During his election tour of Andhra Pradesh, Mr. Rajiv Gandhi is quoted as having questioned Mr. NT Rama Rao’s moral right to stay on for well over three months as a caretaker chief minister after having dissolv­ed the state assembly. One possible implication of the statement is Mr. Rama Rao should have followed Mr. MG Ramachandran’s example and recommended fresh elec­tions to the state legislature to be held at the same time as the current poll to the Lok Sabha. If that is all Mr. Gandhi has meant his position is unexceptionable. It was unfair of Mr. Rama Rao to have recommended dissolu­tion of the state assembly on November 22 and to have announced a day later that his government favoured a fresh poll on March 3. His reason for recommending dis­solution was legitimate. The defection of 55MLAs be­longing to the Telegu Desam on August 16 and subse­quent developments had “polluted the political atmos­phere” in the state.
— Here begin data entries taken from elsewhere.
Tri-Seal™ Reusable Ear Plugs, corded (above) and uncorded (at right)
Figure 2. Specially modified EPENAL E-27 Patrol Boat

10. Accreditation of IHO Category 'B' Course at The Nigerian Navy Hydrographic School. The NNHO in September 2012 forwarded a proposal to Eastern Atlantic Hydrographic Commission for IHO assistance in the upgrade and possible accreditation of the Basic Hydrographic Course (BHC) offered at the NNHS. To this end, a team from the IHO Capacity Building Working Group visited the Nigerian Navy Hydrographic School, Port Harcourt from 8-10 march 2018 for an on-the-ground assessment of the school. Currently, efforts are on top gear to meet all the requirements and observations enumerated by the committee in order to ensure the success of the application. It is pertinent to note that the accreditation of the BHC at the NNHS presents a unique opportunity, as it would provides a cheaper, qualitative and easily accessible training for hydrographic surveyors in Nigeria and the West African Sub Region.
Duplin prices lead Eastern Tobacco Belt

But if he felt that it would not be possible to hold the proposed elections before March 3, he should have waited for the poll to the Lok Sabha to be over before recommending dissolution. In theory at least it is possible that in that case, especially if the Con­gress had fared well in the Lok Sabha poll, some more Telegu Desam MLAs might have defected and brought down his government. But this was a risk he was morally obliged to take if he stands, as he claims, for value-based politics.
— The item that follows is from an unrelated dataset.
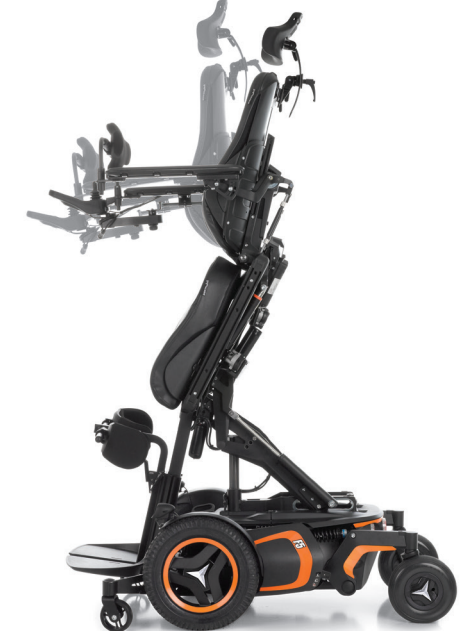
Adjustable backrest angle while in standing position

But political morality is one thing, legality is quite another. And legality is on Mr. Rama Rao’s side. He was within his rights to recommend dissolution on November 22 and he was equally within his rights to opt for March 3 as the election date on November 23. And just as the Governor had no choice but to go along with him and dissolve the assembly, the Election Commission had no good reason to reject the date proposed by him. So however unhappy Mr. Rajiv Gandhi may feel over Mr. Rama Rao’s actions and however legitimate his grievance, as Prime Minister he cannot now advise the Governor to dismiss Mr. Rama Rao without provoking another storm all over the country with dangerous consequences for himself and his party. In all probability Mr. Gandhi is not thinking in those terms; after all, he cannot be oblivious to what happened between August 16 when Mr. Rama Rao was dismissed and September 15 when he was restored to the office of chief minister. In all probability Mr. Rama Rao and his cabinet colleagues are taking an unduly alarmist view of the Prime Minister’s statement. Be that as it may, it may be useful to make the point that there is just no case for Mr. Rama Rao’s dismissal. At the same time it too needs to be emphasized that as a caretaker chief minister he cannot take substan­tive  policy  decisions, that his plea for re-promulgation of an ordinance for abolition of posts of nearly 36,000 village officers falls in that category, and that the Governor is wholly justified in turning it down.